In an embodiment, the wheel truing indicating instrument can be brought in contact with the rim of a wheel by a guide wheel, or other rotary contact member e.g. a rotary ball contact, that may be mounted on top of a pick-up lever. The guide wheel is e.g. made of hard plastic and it generally prevents damage the rim, compared to a sliding contact. The guide wheel may be on a swiveling axis to align the axis of rotation of the guide wheel proper in accordance with the position and orientation of (the rim of) the wheel to be trued. A follower pin or other element connects the lever to a moving part of the position sensor. For measuring small misalignment errors an electrical signal, e.g. the voltage signal, indicative of a value measured by the sensor can be amplified. The amplification factor may be set by a user interface, e.g. an adjusting knob, that may be provided on the housing. The truing indicating instrument can be mounted by means of a holder on a truing stand, bicycle frame or fork. The sensor and the wheel truing indicating instrument are fast reacting and resistant to shock and vibrations. An additional object of the invention is to provide a wheel truing indicating instrument that does not require the removal of the tire for its use and for alignment of the wheel and rim.

An optoelectronic linear position sensor as provided herewith contains an adjustable aperture stop of which the adjustment, which may comprise a movement of one or more portions, does not substantially hinder the illumination of a feedback photosensor (second light detector) provided in the sensor. The amount of light emitted by the light source of the position sensor can be stabilized by means of this feedback photosensor. The feedback may be used for compensation for temperature influences and/or degradation of the light source. The amount of light on a light detector (first light detector) can then be related to the aperture and the radiation pattern of the light source.

The light source may emit a light beam or a light cone in a direction of propagation along an optical axis.

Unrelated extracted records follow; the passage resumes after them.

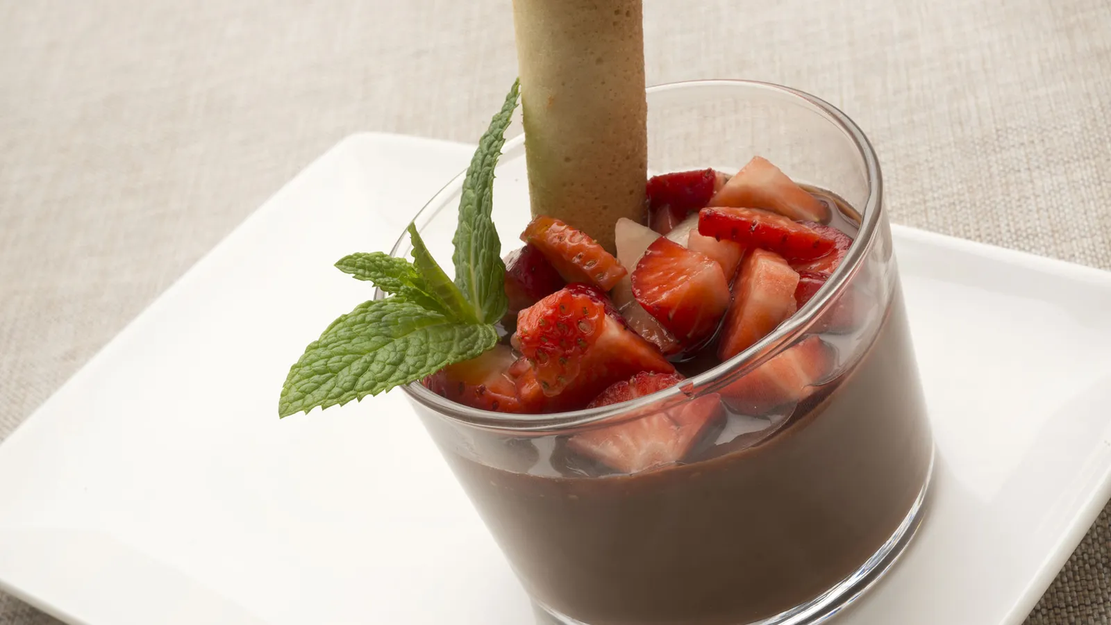 Retira los vasitos del frigorífico y reparte los daditos de fresa por encima. Coloca en cada uno un cigarrillo de barquillo y decóralos con unas hojas de menta.
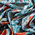 Легкая набивная ткань с цветочным принтом имеет высокую прочность, большую износоустойчивость. Ткань упругая, мягкая и хорошо драпируется, тянется за счет эластана в составе, образует струящиеся складки. Идеально подойдет для пошива блуз, юбок, платьев, сарафанов.
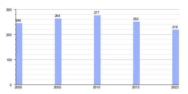 | Gráfica de evolución demográfica de Puga (parroquia) entre 2000 y 2023 |
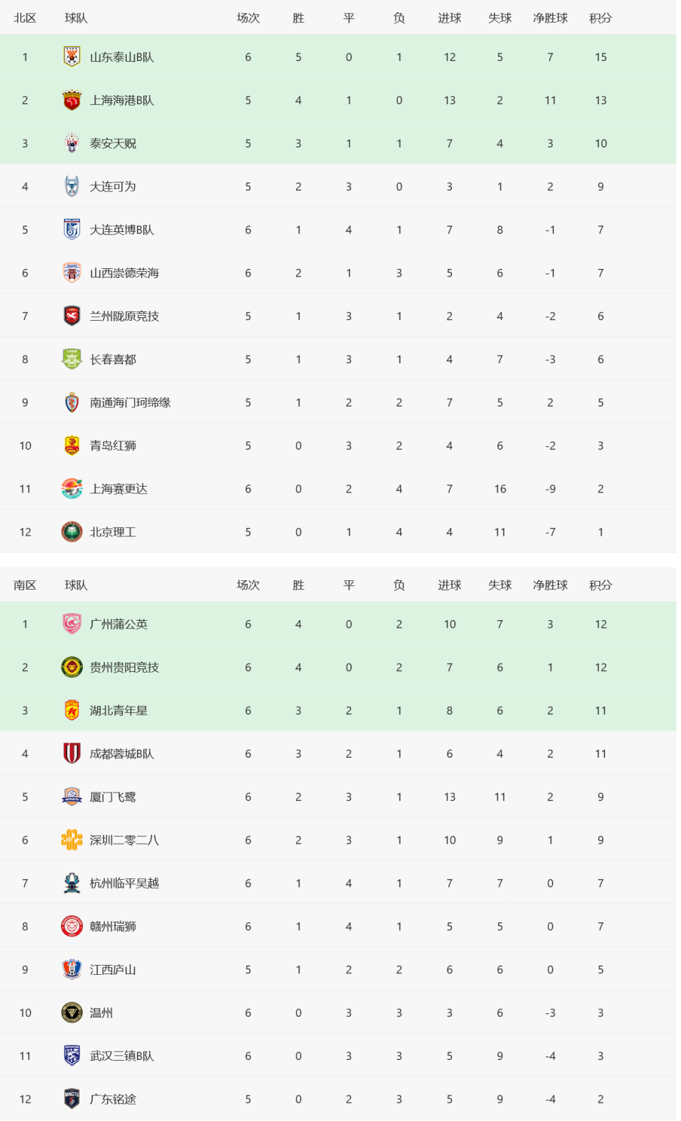本轮山东泰山B队坐镇临沂大学体育场,凭借第66分钟郝富博、第81分钟邓淳泽的进球,主场逆转战胜对手。泰山B队强势发挥斩获5连胜,反超海港B队升至北区榜首。上海赛更达在第61分钟和韶麟罚进点球领先,可是没能守住,连续6轮不胜战绩不佳。
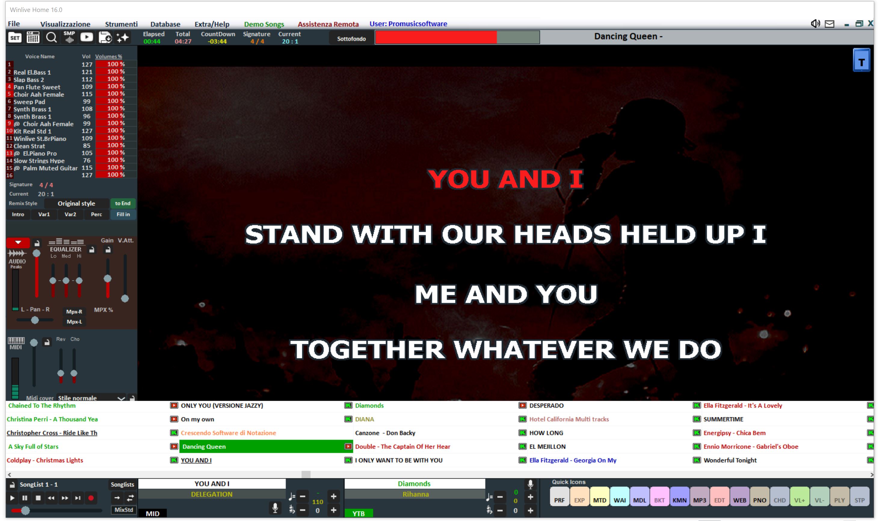 - Management of your repertoire divided into 39 songlists + 1 temporary so that you can save and later quickly recall your songs with all the changes you have made.
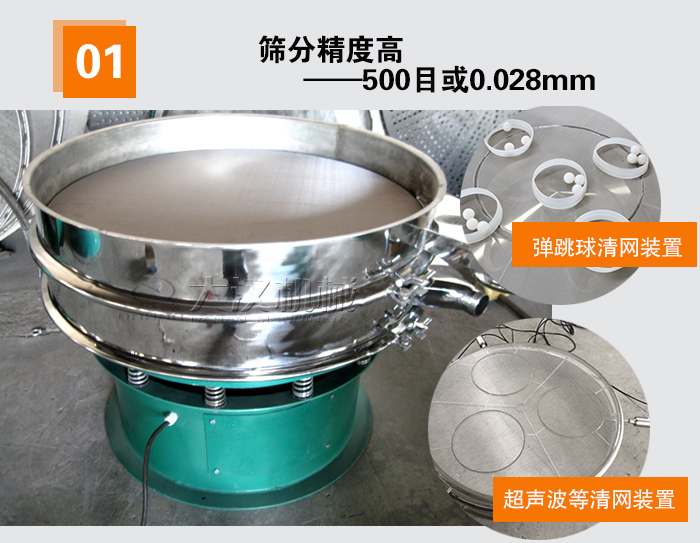 旋振筛筛分物料范围广,500目或0.028mm的颗粒及粉状物料均可以高效筛分,另外,我们厂家生产的旋振筛设备还设置有弹跳球、超声波等清网装置,针对有些精细粉状物料,我们的旋振筛设备可以很好地降低粉状物料因静电,比重轻等因素造成的堵塞网孔的现象。
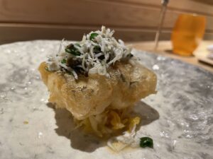 貝柱に葦北ちりめんをあしらったアナゴのフリット♪
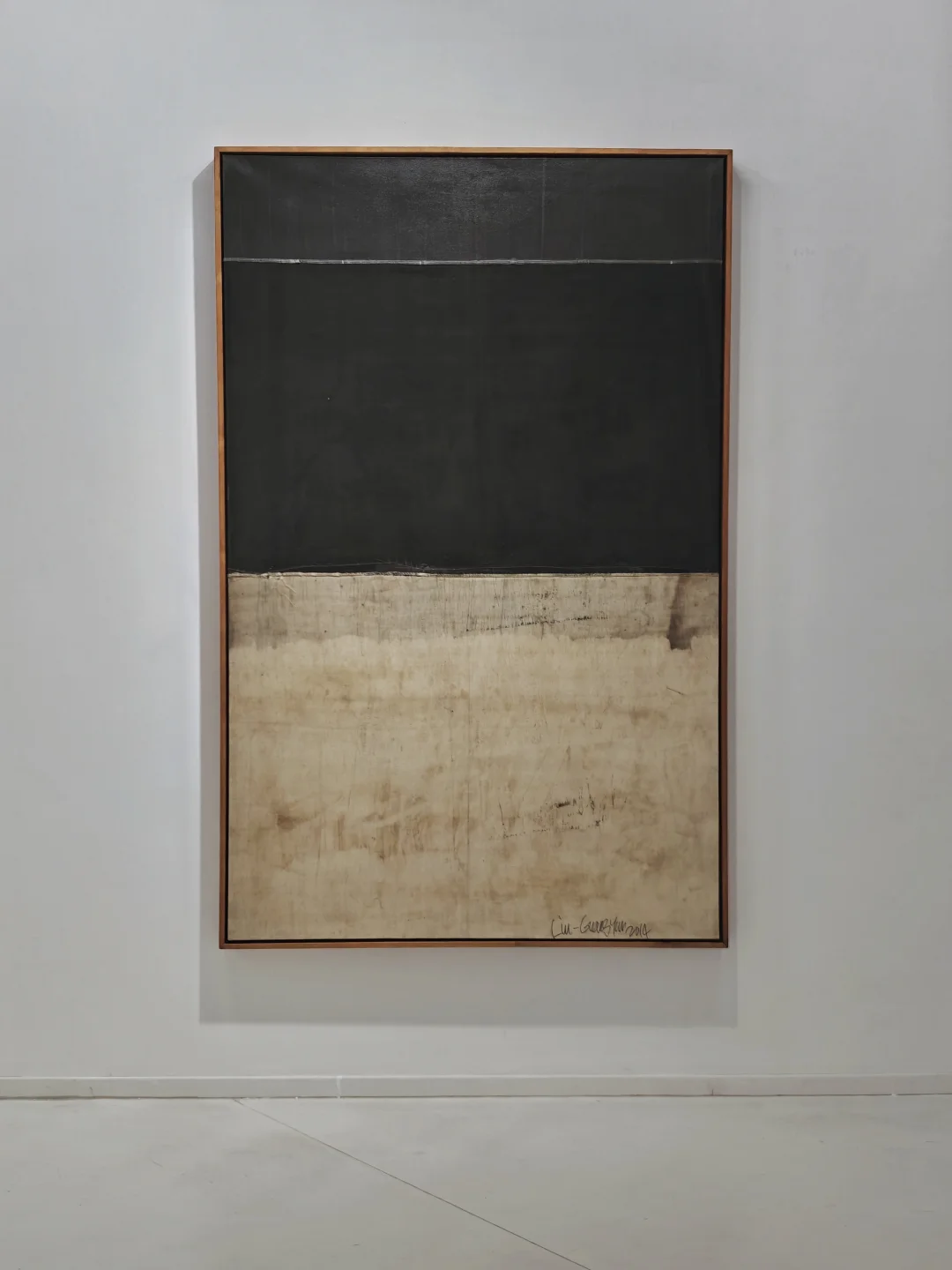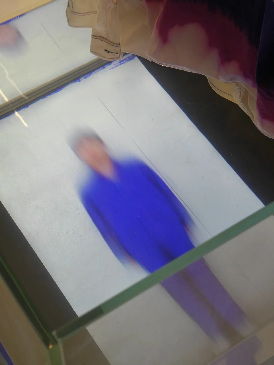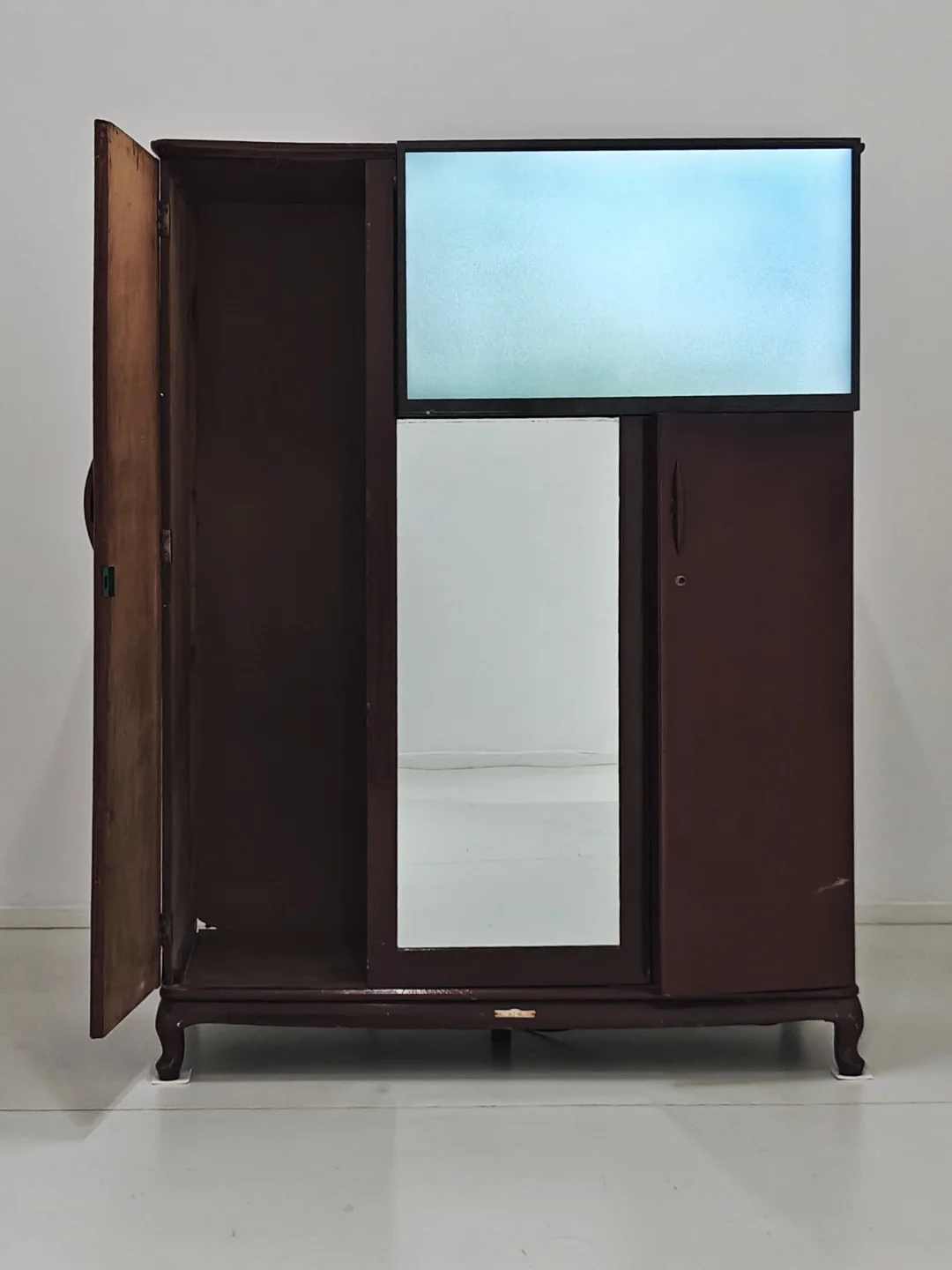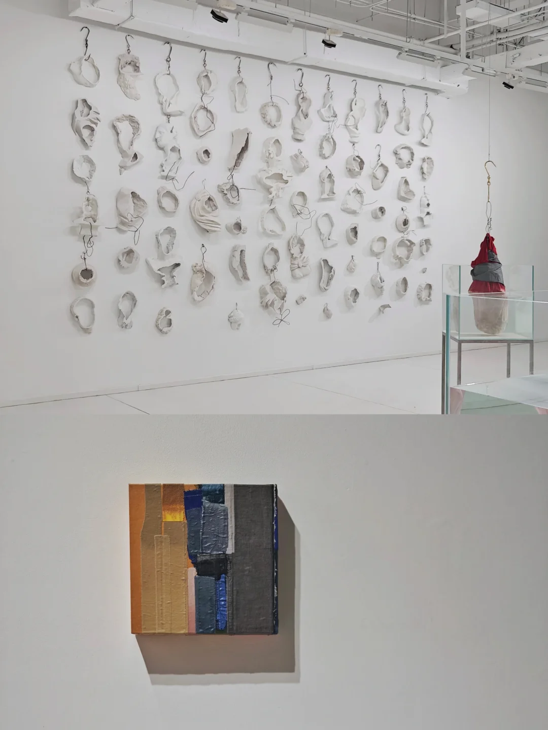 以纺织品为媒介,借染色与脱色探索存在主义。布卷悬于天花板,浸入褪色剂以还原白色,此过程是核心。尽管无法完全恢复本色,但这一尝试已极具意义。当把布卷从玻璃缸拉出悬于空中,形成独特雕塑装置,象征天地间的安置,凸显其在有色与无色间的中间状态,恰如解析穿着织物主体的辩证法,在理性与情感、责任与倾向、光与影等对立元素间,展现出深刻的艺术内涵与思考

The movement of the aperture stop is preferably parallel or perpendicular to the optical axis, preventing angular dependencies.

In an aspect, a measuring instrument for wheel truing of a spoked wheel, e.g. a bicycle wheel is provided, with which radial and/or lateral errors in the wheel rim may be determined with respect to a predefined zero position and may be presented in analogue or digital form. The measuring instrument may comprise an opto-electronic linear position sensor which converts the position of an object (the rim) by means of an adjustable aperture (diaphragm) to an amount of light related to the position and detected by a photosensitive detector.

The diaphragm of the opto-electronic linear position sensor may comprise a feedback arrangement. By this, the amount of emitted light may be maintained substantially constant. The amount of light incident of the feed-back photodetector (e.g. photodiode) may thus not be hindered by changes in, e.g. movement of, the diaphragm.

An opto-electronic linear position sensor and a measuring device as provided herewith may contain a feedback system, that can control the amount of light emitted by a light source and thereby may be kept constant and/or used for determining a reference value. The amount of incident light on a feedback photosensor (second light detector) may not be hindered by changes in the movement of the diaphragm, increasing reliability. A measuring signal of the opto-electronic linear position sensor can be linearized, at least to a high degree, by applying a mask on the first light detector and/or optionally using a lens and/or mirror reflector at or near the light source.

In an embodiment, the aperture may comprise a pair of deformable triangles opposite each other and a relationship between the effective aperture and a measured position may be determined as the relationship Δ-[effective aperture]/A-position (Ad/Az). The relation may correlate to the sensitivity of the opto-electronic linear position sensor, and it can be determined by the length of the base of the two triangles at closed aperture.

In an embodiment, the aperture may comprise a pair of deformable triangles opposite each other of which one of the legs of at least one of the triangles is prolonged, extending beyond the apex of that triangle. By prolonging one leg of the triangle(s) at the side of the light source, a small change of the position of the target to be measured may be translated into a big change of the light that falls on the first light detector (photosensor), with the result that the measuring signal can be amplified.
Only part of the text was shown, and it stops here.